Data analysis: normalization, standardization and centralization / zero-mean

Concept 1
  decimal 1) into data (0,1) or (1,1) between: normalized. Primarily for convenience of data processing proposed by, the data is mapped to the range of 0 to 1 process, more convenient and fast. 2) The dimensionless expression becomes dimensionless expression, or the order of different units to facilitate the indicator can be compared and weighted. Normalization is a way to simplify the calculations, is about to have a dimension of expression, through transformation into a dimensionless expression become a scalar.
  Standardization: In machine learning, we may have to deal with different types of data, such as audio and image pixel values, such information may be high-dimensional, standardized data after each feature will cause the value of the average becomes 0 ( the feature value of each average are subtracted in the characteristics of the raw materials), standard deviation becomes 1, this method is widely used in many machine learning algorithms (for example: support vector machines, neural networks, and logistic regression) .
  Centralization: zero mean, standard deviation No
  distinction normalized and standardized: normalized feature values are converted to the same dimensions of the sample data are mapped to [0, 1] or [-1, 1] interval, only the variables determined by the extreme values, because the interval scaling law is a normalized one. Standardization is the column matrix for processing data in accordance with the characteristics, required by the z-score method, into a standard normal distribution, and overall sample distribution related to each sample point can affect standardization. In that they are the same can be canceled due to an error due to different dimensions; is a kind of linear transformation of the vector X is then translated according to the compression ratio.
  The difference between standardization and centralization: the standardization of raw score is then divided by subtracting the average standard deviation, the center of the original score by subtracting the average. Therefore, the general process is the center of the first and then standardized.
  Dimensionless: My understanding is that in some way we can remove the actual process unit, thus simplifying the calculation.

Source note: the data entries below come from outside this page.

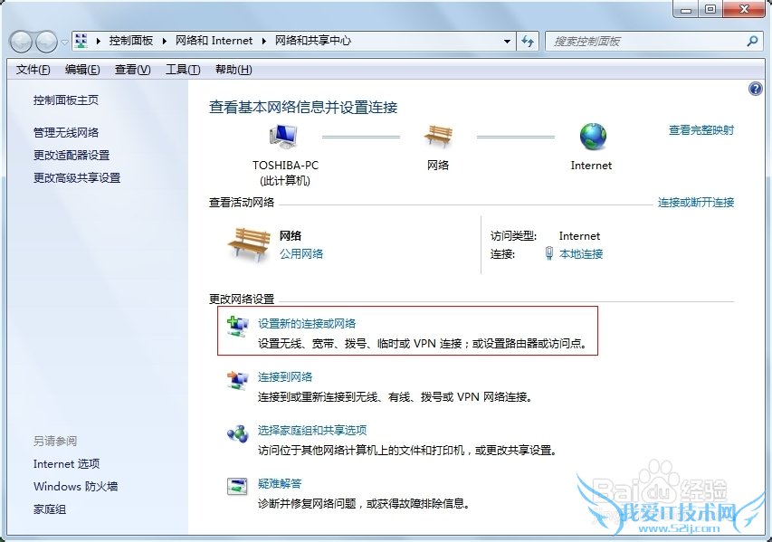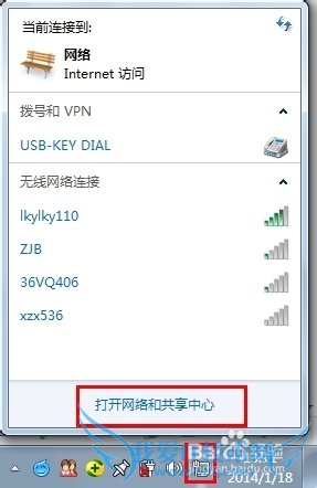 第一步:打开控制面板的“查看网络连接任务”或者直接点击右下角小电脑图标,打开网络共享中心,方法不是一种,找到一种适合自己的即可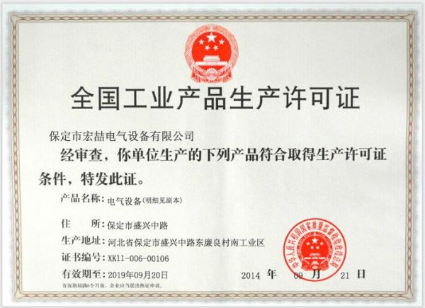 | 销售单位: 保定市宏喆电气设备有限公司 |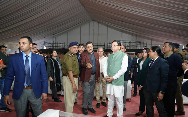 मुख्यमंत्री ने अधिकारियों को निर्देश दिए कि आयोजन की सभी व्यवस्थाओं को समय से पूरा करें। मुख्यमंत्री ने कहा कि सड़कों और सौन्दर्यीकरण के कार्य भी तेजी से हो रहे हैं। उन्होंने कहा कि यह राज्य के लिए बड़ी समिट है। अभी तक ढ़ाई लाख करोड़ रुपये से अधिक के करार हो चुके हैं।उन्होंने कहा कि निवेश करारों की ग्राउडिंग के लिए तेजी से कार्य किए जा रहे हैं।मुख्यमंत्री ने कहा कि राज्य में निवेश आने से स्थानीय लोगों के रोजगार में तेजी से वृद्धि होगी। राज्य में ऐसे करारों को शीर्ष प्राथमिकता दी जा रही है, जिनसे राज्य में रोजगार के अवसर बढ़े। निरीक्षण के दौरान अपर मुख्य सचिव राधा रतूड़ी, कार्यवाहक डीजीपी अभिनव कुमार, सचिव शैलेश बगोली, सचिव एवं गढ़वाल कमिश्नर विनय शंकर पाण्डेय, सचिव विनोद कुमार सुमन, एडीजी ए.पी अंशुमन उपस्थित रहे। इसके साथ ही जिलाधिकारी देहरादून सोनिका,महानिदेशक सूचना बंशीधर तिवारी, महानिदेशक उद्योग रोहित मीणा,एसएसपी देहरादून अजय कुमार एवं आयोजन के कार्यों में लगे अन्य अधिकारी भी उपस्थित रहे।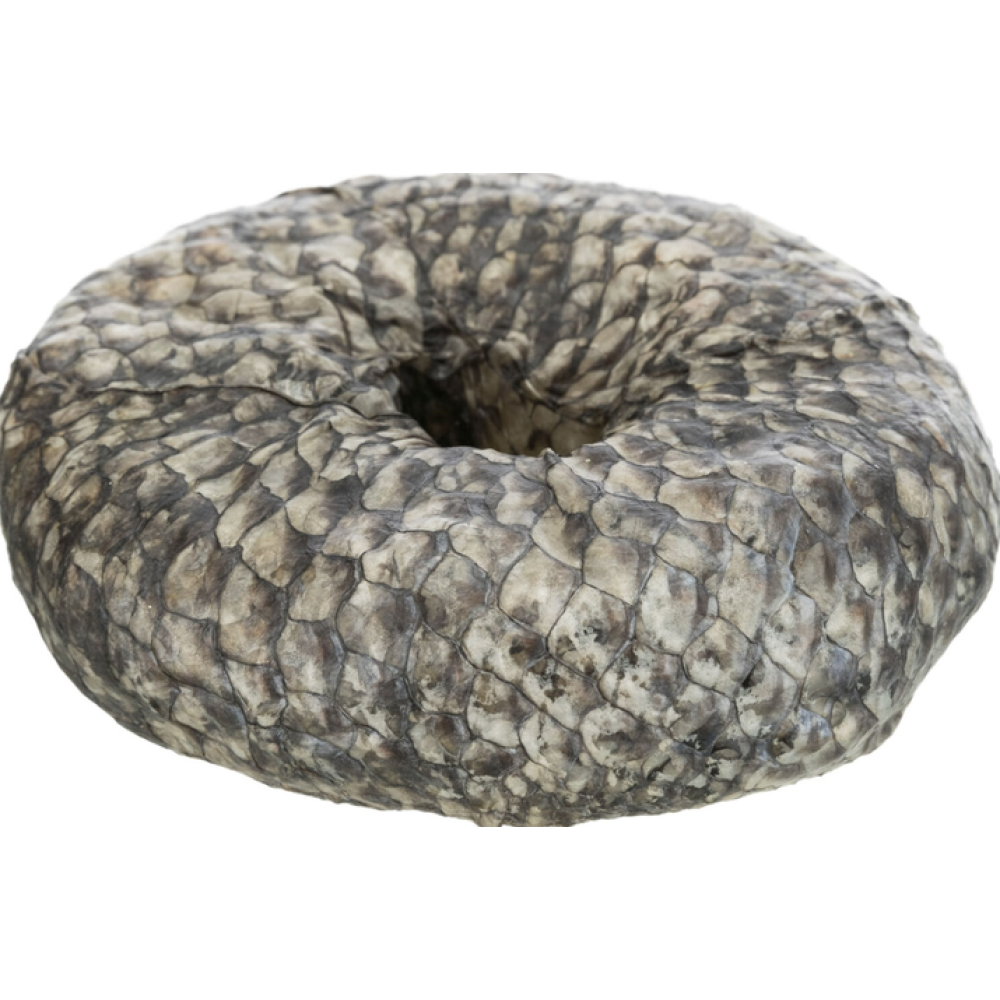 Предложите своей собачке лакомство Trixie Denta Fun Fish Chewing Ring Denta Fun! Это жевательный пончик изготовлен из сыромятной кожи и покрыт рыбой.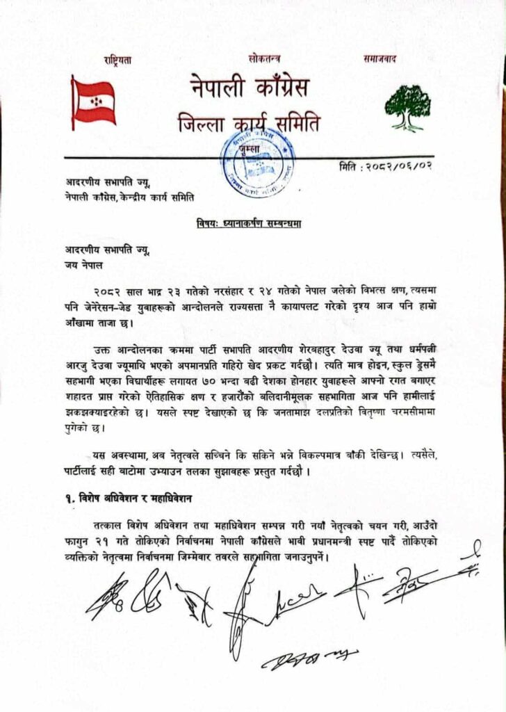 जेन-जी आन्दोलनबाट घाइते भएका काँग्रेस केन्द्रीय सभापति शेरबहादुर देउवा प्रति लक्षित गर्दै नेपाली काङ्ग्रेस जिल्ला कार्यसमितिले आज विज्ञप्ति निकालेको थियो।

2 Why normalization / standardization?
  As previously mentioned, the normalization / standardization is essentially a linear transformation, linear transformation has many good properties that determine the data after change will not result in "failure", but can improve the performance of data, these properties are normalization / standardization of the premise. For example, there is a very important property: linear transform does not change the value of the original data sorted.
(1) Some models require solving
  1) in solving optimization problems using a gradient descent method, normalization / standardization may accelerate the solving speed gradient descent, namely to enhance the convergence velocity model. As shown on the left, non-normalized / standardized contour formed during partial ellipse, is likely to go "and" iterative shaped path (vertical long axis), leading to many times of iterations to converge. The two right and normalized features, will be corresponding rounded contour can be faster convergence when solved gradient descent.

 

 
Oval contour and a circular contour

 

 
Gradient descent trajectory

  2) Some classifier needs to calculate the distance (e.g., Euclidean distance) between the sample, e.g. KNN. If a characteristic value range is very large, then the distance calculation depends on this feature, so inconsistent with the actual situation (for example, then the reality is that small value range of features is more important).

(2) dimensionless
  such as house numbers and revenue, because we know from the business layer, as the importance of both, so all of them normalized. This process is made from the operational level.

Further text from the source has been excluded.